[What the exercise asks]: Below are records that should be duplicated exactly, with no image retained.
** Extracted records follows **
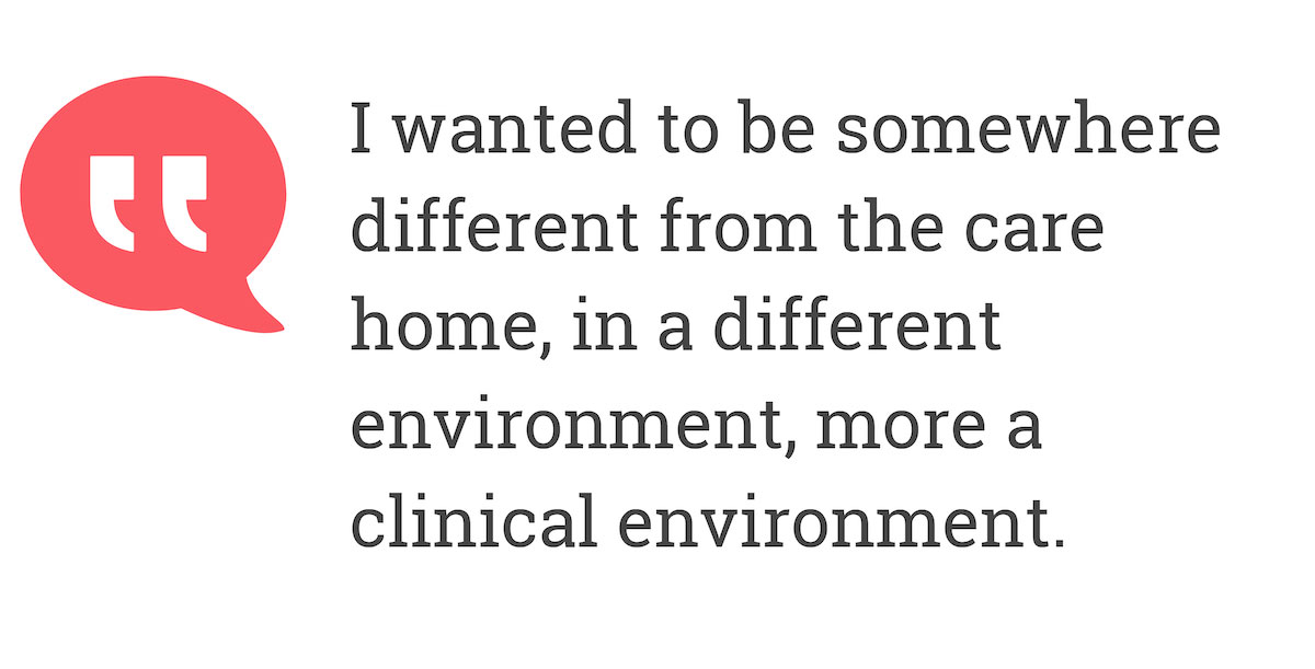 I wanted to be somewhere different from the care home, in a different environment, more a clinical environment.
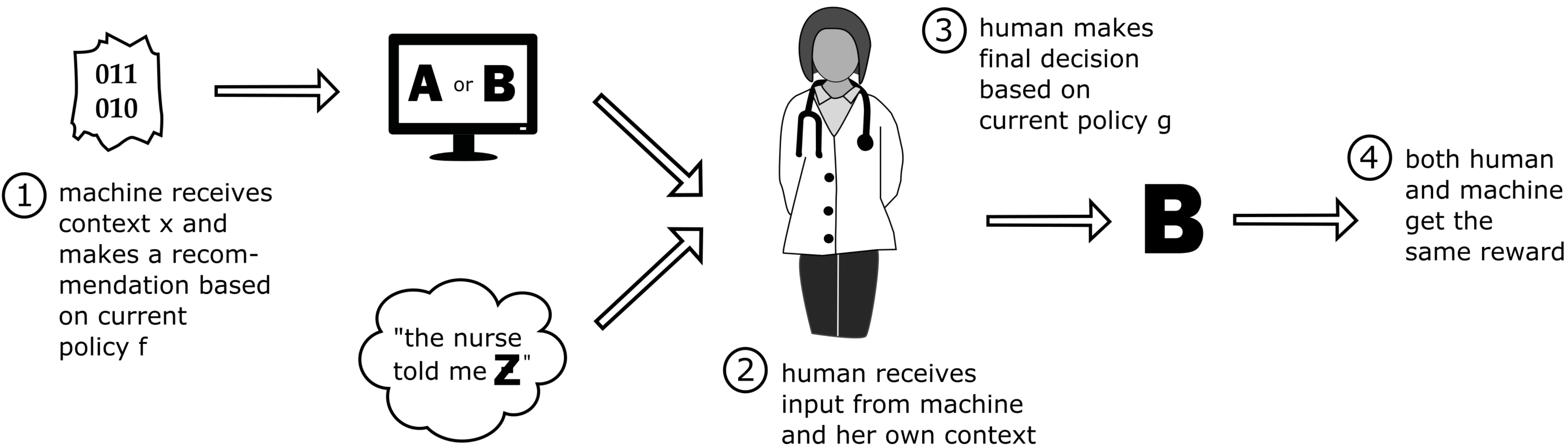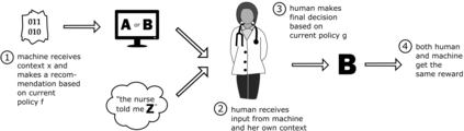 翻译:机器学习的应用在广泛的任务中为人类决策者提供信息。 由此产生的问题通常由一个决策者来提出。 我们争辩说,它应该被描述为一个玩家是机器,另一个是人的两个玩家学习的问题。 虽然两个玩家都试图优化最终决定,但设置的特点是:(1) 私人信息的存在和(2) 决策者之间不完全理解的不透明。 我们证明两种特性都可能使决策变得相当复杂。 限制较低是给一个不透明或能够获得私人信息的决策者提供最佳建议的最差情况硬性的一个量化。 上限显示简单的协调战略几乎是最小的。 在对问题的某些假设下,效率更高的学习是可能的,例如,两个玩家都学会独立采取行动。这种假设隐含在现有的文献中,例如在机器学习的医学应用中,但是在理论上没有被描述或证明合理。
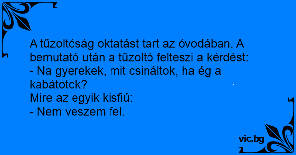 A tűzoltóság oktatást таrт az óvodában. A bemutató után a tűzoltó felteszi a kérdést:
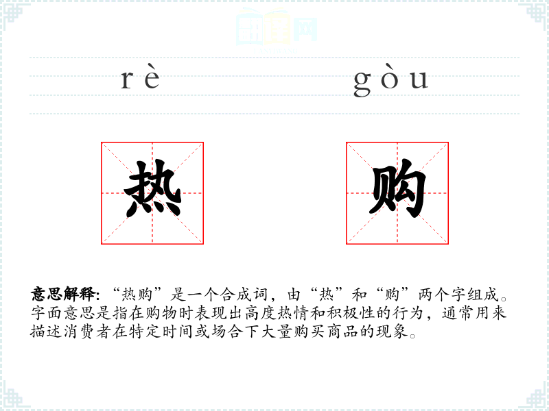 “热购”是一个合成词,由“热”和“购”两个字组成。字面意思是指在购物时表现出高度热情和积极性的行为,通常用来描述消费者在特定时间或场合下大量购买商品的现象。
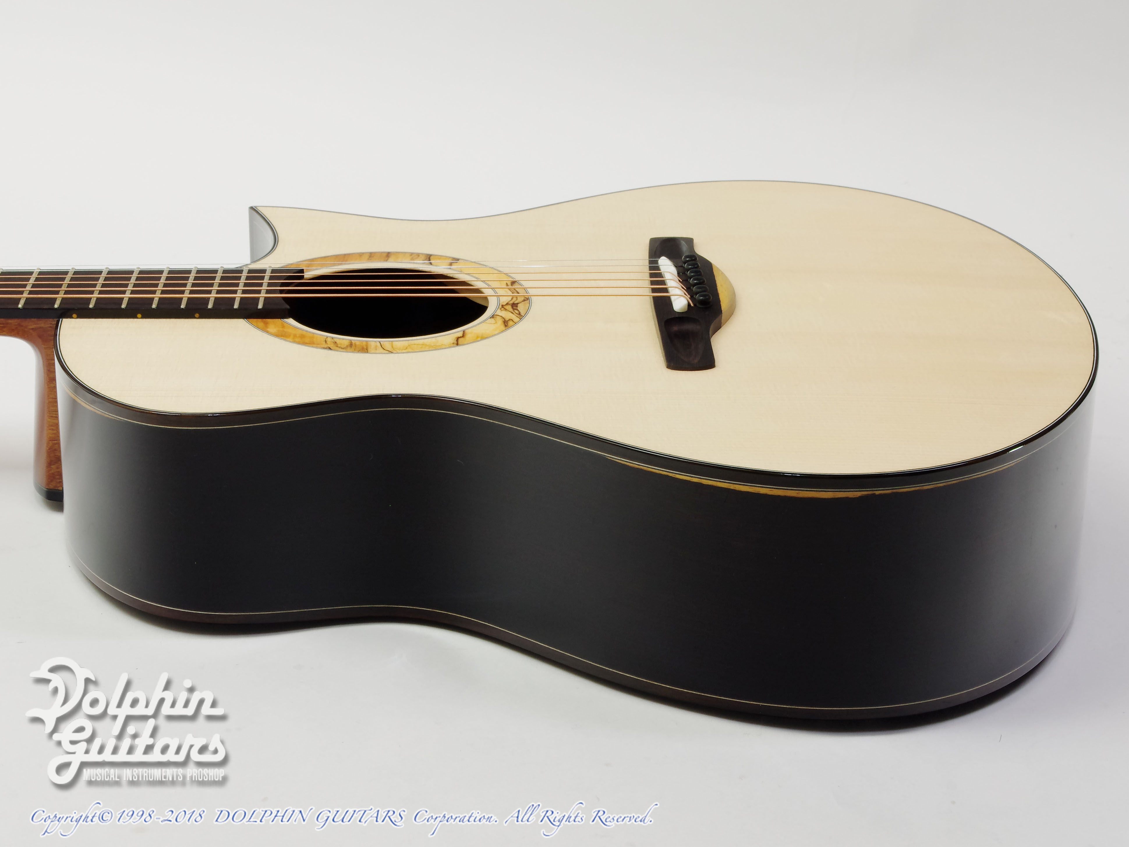 富山県のルシアー"荻野 裕嗣" 豪快なサウンドが魅力のOM Cutaway。ジャーマンスプルース&アフリカンブラックウッドS&B仕様。
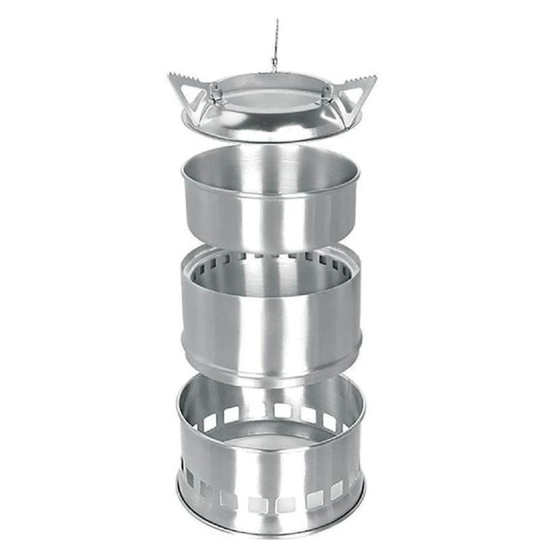 Lightweight and compact at only 380g Durable Stainless Steel construction. Consists of 5 detachable parts which can be stored inside each other for easy transportation and storage. No need to carry fuel as this stove uses wood. Wide opening makes adding fuel easy.
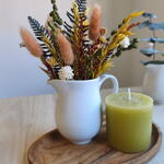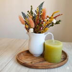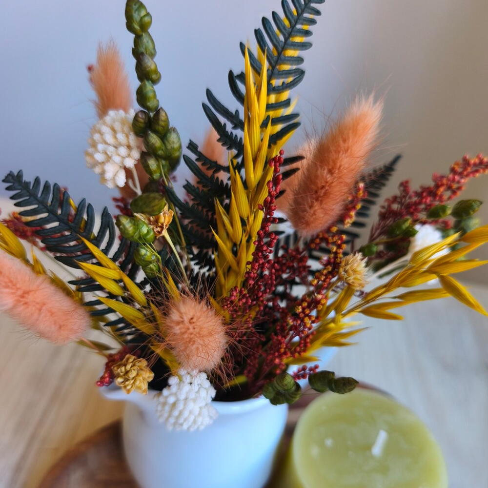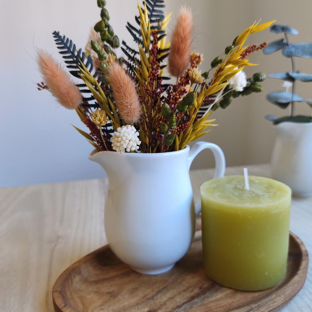 Centro decorativo de flores secas en tonos cálidos, presentado en una jarrita blanca y acompañado de una vela sobre bandeja de madera. Incluye tarjeta a juego de regalo. Una composición elegante y natural que aporta un toque acogedor a cualquier rincón del hogar. Ideal como regalo o como detalle decorativo para mesa, estantería o recibidor. Las flores secas y preservadas mantienen su belleza durante mucho tiempo sin necesidad de cuidados. Cada pieza está realizada a mano, por lo que puede presentar ligeras variaciones que hacen que cada composición sea única. Para facilitar el transporte y que el conjunto llegue en perfecto estado, los elementos se entregan suavemente fijados a la bandeja. Si lo prefieres, pueden retirarse fácilmente para colocar cada pieza de forma independiente.
** End of Extracted records **
[Expected answer]:
 I wanted to be somewhere different from the care home, in a different environment, more a clinical environment.
 翻译:机器学习的应用在广泛的任务中为人类决策者提供信息。 由此产生的问题通常由一个决策者来提出。 我们争辩说,它应该被描述为一个玩家是机器,另一个是人的两个玩家学习的问题。 虽然两个玩家都试图优化最终决定,但设置的特点是:(1) 私人信息的存在和(2) 决策者之间不完全理解的不透明。 我们证明两种特性都可能使决策变得相当复杂。 限制较低是给一个不透明或能够获得私人信息的决策者提供最佳建议的最差情况硬性的一个量化。 上限显示简单的协调战略几乎是最小的。 在对问题的某些假设下,效率更高的学习是可能的,例如,两个玩家都学会独立采取行动。这种假设隐含在现有的文献中,例如在机器学习的医学应用中,但是在理论上没有被描述或证明合理。
 A tűzoltóság oktatást таrт az óvodában. A bemutató után a tűzoltó felteszi a kérdést:
 “热购”是一个合成词,由“热”和“购”两个字组成。字面意思是指在购物时表现出高度热情和积极性的行为,通常用来描述消费者在特定时间或场合下大量购买商品的现象。
 富山県のルシアー"荻野 裕嗣" 豪快なサウンドが魅力のOM Cutaway。ジャーマンスプルース&アフリカンブラックウッドS&B仕様。
 Lightweight and compact at only 380g Durable Stainless Steel construction. Consists of 5 detachable parts which can be stored inside each other for easy transportation and storage. No need to carry fuel as this stove uses wood. Wide opening makes adding fuel easy.
 Centro decorativo de flores secas en tonos cálidos, presentado en una jarrita blanca y acompañado de una vela sobre bandeja de madera. Incluye tarjeta a juego de regalo. Una composición elegante y natural que aporta un toque acogedor a cualquier rincón del hogar. Ideal como regalo o como detalle decorativo para mesa, estantería o recibidor. Las flores secas y preservadas mantienen su belleza durante mucho tiempo sin necesidad de cuidados. Cada pieza está realizada a mano, por lo que puede presentar ligeras variaciones que hacen que cada composición sea única. Para facilitar el transporte y que el conjunto llegue en perfecto estado, los elementos se entregan suavemente fijados a la bandeja. Si lo prefieres, pueden retirarse fácilmente para colocar cada pieza de forma independiente.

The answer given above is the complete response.